Hofmann left the Art Students League in 1933, in the midst of the Depression,
to found his own school. Many of his students were artists working for
the WPA in New York. The school's statue grew as Hofmann began to show
his own work in 1944 and the GI Bill brought an influx of new students.
After two summers at the school of his former Munich student Ernest Thurn,
in Gloucester, Massachusetts, Hofmann opened his own summer school in
Provincetown in 1935, first located in the old Hawthorne house overlooking
the Bay. Many of Hofmann's New York students followed him to Provincetown,
and others came from across the country bringing a renewed youthful energy
to the colony.
With his forceful presence and personality, Hofmann became the central
figure of the Provincetown art community. It is said that students followed
him everywhere, listening to his every word. As one townie tells it, "his
students paved the way for him." There were even suggestions of
a "student cult." Haynes Ownby explains the attachment in saying, "he
truly loved his students. He saw in us comrades embarking on a great
mission." On Fridays, the studio overflowed with artists and others
from all over the Cape who came to observe his dynamic critiques. In
her 1980 ARTnews article, Gwen Kinkead quotes Robert Motherwell as saying, "Hofmann
was very much what young artists wanted in a father figure. He was vital,
optimistic, filled with the conviction that creation is the joy of life."
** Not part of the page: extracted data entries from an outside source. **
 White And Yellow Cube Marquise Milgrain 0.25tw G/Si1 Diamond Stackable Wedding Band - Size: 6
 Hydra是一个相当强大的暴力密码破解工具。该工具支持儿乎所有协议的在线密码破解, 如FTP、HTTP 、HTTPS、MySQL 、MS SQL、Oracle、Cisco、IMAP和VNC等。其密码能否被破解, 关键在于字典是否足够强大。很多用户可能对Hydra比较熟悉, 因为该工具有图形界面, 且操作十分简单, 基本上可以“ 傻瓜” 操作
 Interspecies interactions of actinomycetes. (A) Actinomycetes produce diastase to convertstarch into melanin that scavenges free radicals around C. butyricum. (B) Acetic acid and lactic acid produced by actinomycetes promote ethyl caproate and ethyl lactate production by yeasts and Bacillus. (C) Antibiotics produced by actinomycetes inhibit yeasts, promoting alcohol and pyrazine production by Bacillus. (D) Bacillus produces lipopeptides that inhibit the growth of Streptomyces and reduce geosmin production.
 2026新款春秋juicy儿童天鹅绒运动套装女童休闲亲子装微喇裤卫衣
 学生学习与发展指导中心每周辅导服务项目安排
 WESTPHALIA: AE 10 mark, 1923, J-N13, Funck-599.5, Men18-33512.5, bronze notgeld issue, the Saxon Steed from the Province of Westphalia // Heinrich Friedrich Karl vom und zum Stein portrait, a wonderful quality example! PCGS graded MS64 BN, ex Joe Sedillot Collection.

In 1939, his wife Miz joined him in the US and they moved seasonally
between New York and Provincetown. Still intensely private, Hofmann rarely
let anyone but Miz into his private studio at Days Lumberyard, now the
Fine Arts Work Center, where he is said to have painted in the nude.
He continued his strenuous year-round teaching schedule, although he
was concerned that the demands of teaching drained his own creative energy.
It was always a balancing act for him, between teaching and creativity,
and for many years, his legendary success as a teacher over-shadowed
his reputation as a painter. He was reluctant to exhibit. In fact, so
few had seen his work that some New York critics questioned whether he
could paint. He said that he feared his students might not develop independently
if they saw his work. Not until 1944, when he was 68, did he have his
first solo exhibition at Peggy Guggenheim's Art of This Century gallery.
As soon as he began exhibiting, Hofmann's work attracted widespread interest,
although not consistent critical acclaim. He kept changing and evolving;
his stylistic diversity (Hofmann said, "If I ever find a style,
I'll stop painting.") put off many art critics, and it took a long
time to gain their support. As late as 1958, Hofmann was omitted from
the crucial "New American Painting" traveling show mounted
by MOMA. After 1958, when he was approaching 80, Hofmann broke through
to a style that won unqualified praise. In 1963, MOMA mounted a retrospective
exhibiting many important works for the first time.
After teaching more than forty years, Hofmann closed both his schools
in 1958, and devoted himself full time to his painting. The paintings
he created in the last years of his life are exuberant exaltations in
color and form. Those attending the exhibition will again be captivated
by the brilliance, vigor and sheer beauty of the work of this extraordinary
man who was the primary force in the development of Abstract Expressionism
and whose influence continues as a vital presence in the studios, galleries,
and museums of Provincetown and beyond.